The university added that it was not discriminating against people of faith by granting medical exemptions more broadly than religious exemptions, noting that medical exemptions are intended for people who would be physically harmed by the COVID-19 vaccine.
The plaintiffs insisted both September 2021 policies deliberately or effectively discriminated against people who have the “wrong” religious beliefs.
“This timeline reveals Defendants’ actions here as part of a sustained, unapologetic effort to eliminate all religious objectors to COVID vaccination from the Anschutz community, based on a presumptively unconstitutional distrust of their stated religious objections to COVID vaccination,” wrote lawyers for the Thomas More Society, which advocates on behalf of religious causes.

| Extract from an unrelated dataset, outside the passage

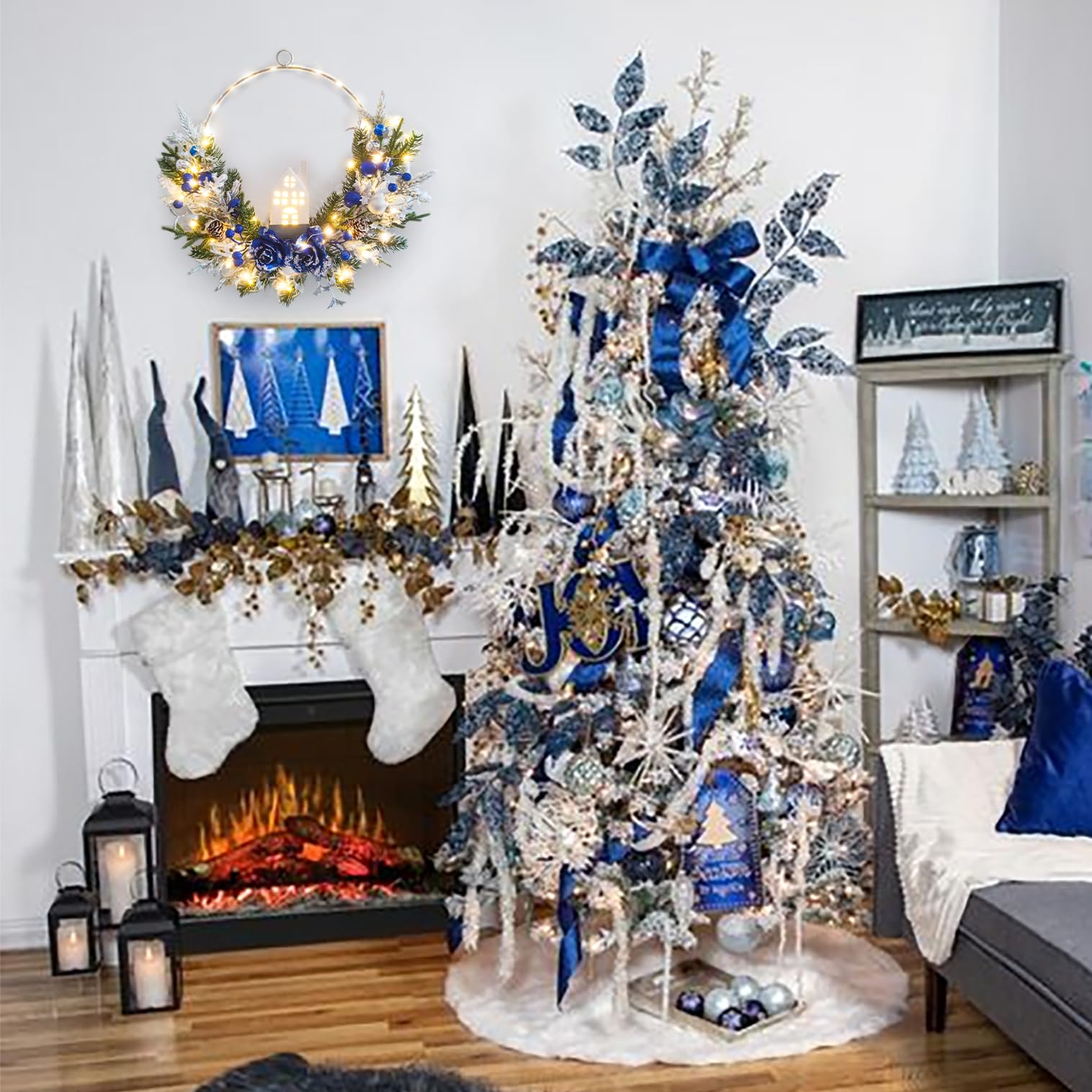Amazon prelit Blue Silver Christmas Hoop Wreath with Lighted House Farmhouse Lighted Winter Wreath 18inch Christmas Wreath for Front Door Winter Holiday Wreath Porch Decor Modern Mantel Decoration... Very well made.

In evaluating the university’s request to dismiss the case, Moore stood by his earlier determination that school officials acted in accordance with the First Amendment in issuing the vaccination policies and, consequently, were entitled to qualified immunity on the plaintiffs’ religious freedom claims.

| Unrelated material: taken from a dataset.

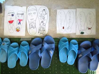 みなさんはトイレの後にスリッパをどうしていますか?スリッパがそろっていないと、スリッパの『神』が怒りますよ。掲示・新聞委員会の作った足型にスリッパをかならずそろえて置きましょう。」

“Given the unprecedented nature and global scope of the Covid-19 pandemic as well as its devastating impacts, the Court finds the allegations in the Complaint do not establish that these Defendants acted unreasonably,” he wrote. “Therefore, at a minimum, they did not violate Plaintiffs’ clearly established rights.”
The judge did find, however, that six plaintiffs who received accommodations to perform their jobs remotely – including two who had their pay decreased slightly – could benefit from a court decision blocking the Sept. 24 policy. He determined their claims were not moot, contrary to CU’s arguments.
Currently, a three-judge panel of the 10th Circuit is weighing whether to uphold Moore’s prior denial of a preliminary injunction against the vaccination policies. The three members, all appointed by Republican presidents, appeared slightly more sympathetic to the plaintiffs’ claims during oral arguments.
“Burdening an individual constitutional right so you can, in the aggregate, reduce the number of people on campus who have potential for COVID – I’m not sure the Constitution contemplates that,” said Chief Judge Jerome A. Holmes at the time.
The case is Doe et al. v. University of Colorado et al.
Editor’s note: Colorado Politics’ parent company is a subsidiary of the Anschutz Corporation.